The basic static contraction workout of performing just one, 5 sec hold per exercise, definitely works to improve your nervous system’s firing patterns and to increase the the size of the actual muscle fiber thus creating a strong and dense muscle. However a lot of a muscle’s size comes from its sarcoplasm (the liquid surrounding your muscle cells), and sarcoplasmic hypertrophy comes more from exercises with a greater time under tension, like power factor training and multiple isometric holds back to back.
I’ve experienced my greatest gains in muscle size when following a routine with a little more volume. (although it’s still way less volume than the majority of the routines suggested in the popular muscle magazines)

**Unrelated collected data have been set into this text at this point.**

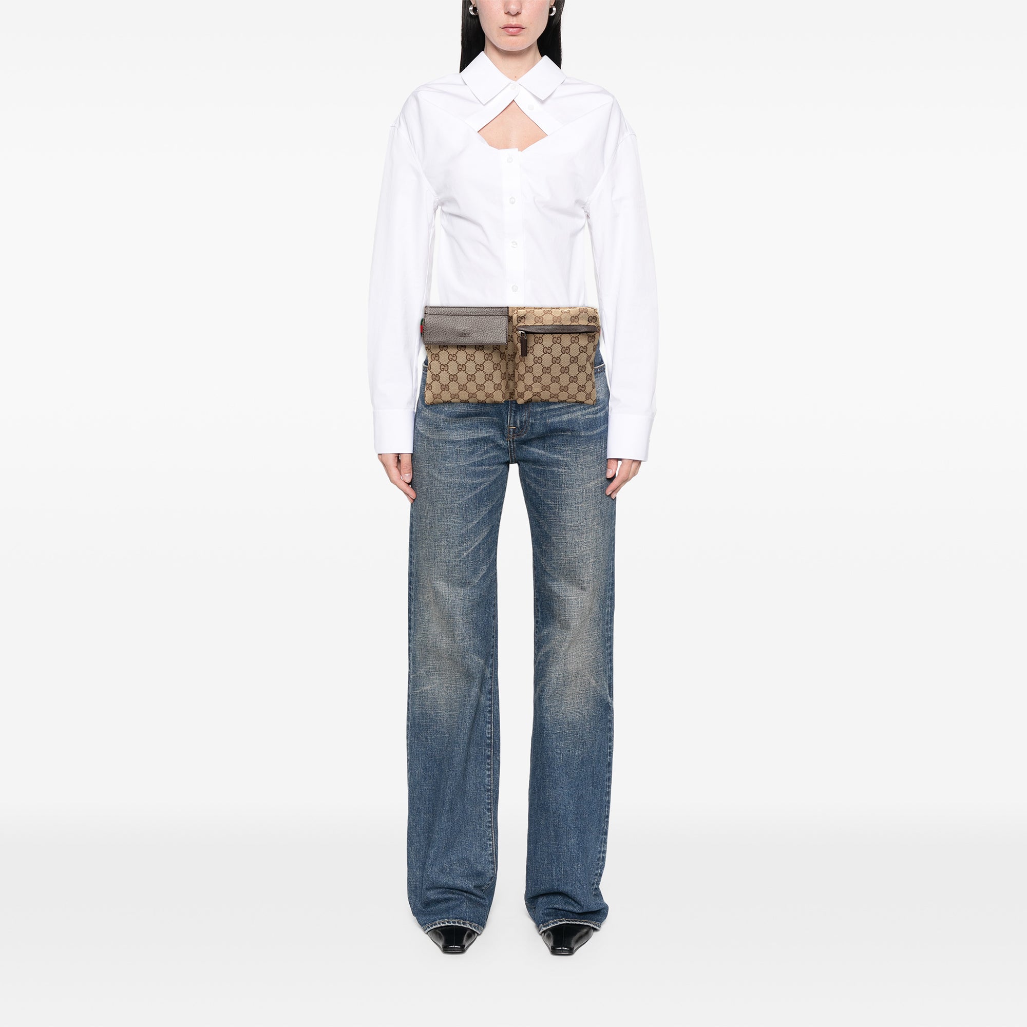 Brown Gucci GG Canvas Web Double Pocket Belt Bag
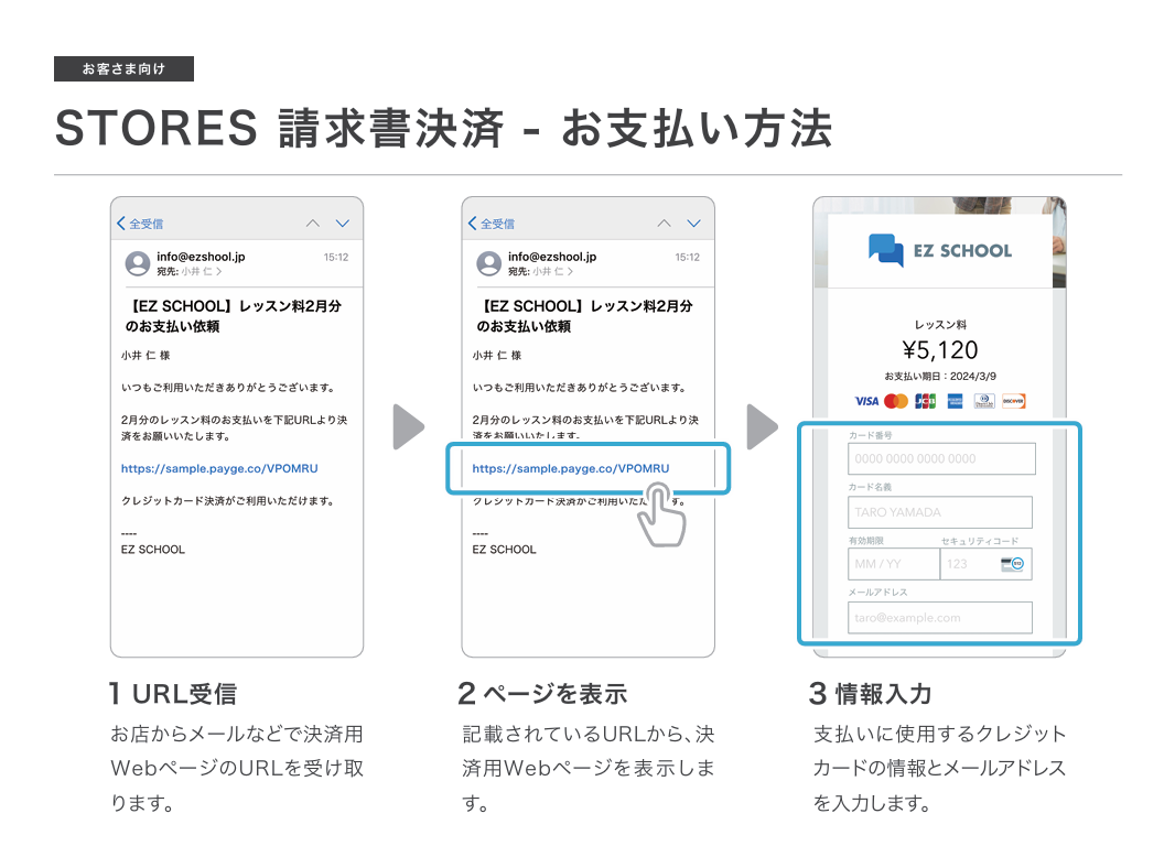 当店では文字入れのオーダーがある特性上、ご注文内容が確定した後にお支払いいただくかたちをとるため、STORES株式会社が提供する「STORES請求書決済サービス」を利用しています。ご注文内容の確認後に、メールでクレジット決済用のリンクをご案内しますので、下記手順に沿ってお支払いのお手続きをお願いいたします。
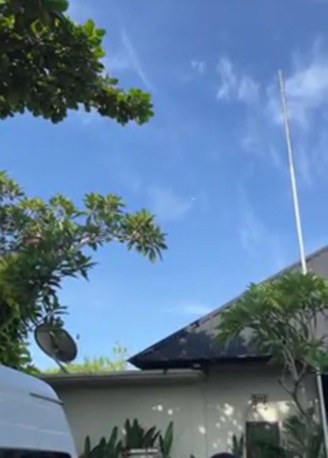 The camera pans upwards, starting from a scene that includes a white van, a building with a dark roof, trees, and a signpost indicating directions, ultimately focusing on a daytime sky featuring a crescent moon and thin, wispy clouds

Having said all that I think that if you’ve tried some type of static contraction, isometric, power factor, partial reps, etc. type workout with little or no results, maybe try it again but add a little more volume to your routine and make sure that you are eating to build muscle(especially if you are an ectomorph).

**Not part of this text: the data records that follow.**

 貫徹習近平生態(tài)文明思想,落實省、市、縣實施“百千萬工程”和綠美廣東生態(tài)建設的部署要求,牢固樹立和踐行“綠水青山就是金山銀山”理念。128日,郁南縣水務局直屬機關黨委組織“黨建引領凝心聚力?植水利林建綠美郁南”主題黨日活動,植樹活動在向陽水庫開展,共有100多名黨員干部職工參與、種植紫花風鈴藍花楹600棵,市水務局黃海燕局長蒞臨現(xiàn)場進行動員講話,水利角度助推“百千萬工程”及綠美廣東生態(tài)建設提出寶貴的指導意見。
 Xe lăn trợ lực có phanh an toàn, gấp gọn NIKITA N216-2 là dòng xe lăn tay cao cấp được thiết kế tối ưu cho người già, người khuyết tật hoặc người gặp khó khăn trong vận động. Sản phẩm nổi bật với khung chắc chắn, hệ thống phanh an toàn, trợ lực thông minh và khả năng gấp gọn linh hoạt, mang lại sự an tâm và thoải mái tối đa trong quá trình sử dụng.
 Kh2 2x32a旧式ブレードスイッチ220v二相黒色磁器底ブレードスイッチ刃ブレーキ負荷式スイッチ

Usually once or twice a year I will combine my isometric routine with an anabolic burst cycle diet(low calorie for a week or two and then high calorie for 2 weeks) and will consistently gain around 3lbs of lean muscle mass after each cycle.
Man talk about objectivity at its best. Great article. I think I’ll just have to try out the program to see if it suits me.
I purchased Pete Sisco SCT 12 years ago. I started with 15 secs holds in 8 exercises twice a week at the first 2 weeks.
Then, I trained once every 7 days for 6 weeks. After that , once every 12 days.
I believe, any serious search should last at leat half a year to let your body rest as Sisco states.
Nowadays I train every 14 days. I hold each exercise. I extented hold durations to 60 secs. I really do not know if it works better but I did. I just pushed or pulled the most por these 60 secs.
You will not build a Mr Olimpia with this system
I doubt any pro bodybuilder has the idea to apply it.
It can be done by other diciplines to gain mass and strentgh.
I improved my strentgh in almost each of my work-out
Resting periods matter almost the same as this method.
I wonder if there is any search about long holds with long resting periods.
Back in ’03 life was hectic. Working security, studying IT, and a new born to contend with, SCT was a God send!
Here are my results from 2 weeks/workouts…
28/10/03 – 5/11/03
Weight +1.5kg
Quad +1/4″
Calf +1/4″
Chest +1 1/2″
Arm +1/8″
Forearm +2/8″
Waist -2/8″
I used 6 exercises, full-body, HITting my body once weekly. I’ve been an avid Heavy Duty trainee since ’78, so these weren’t “newbie gains”.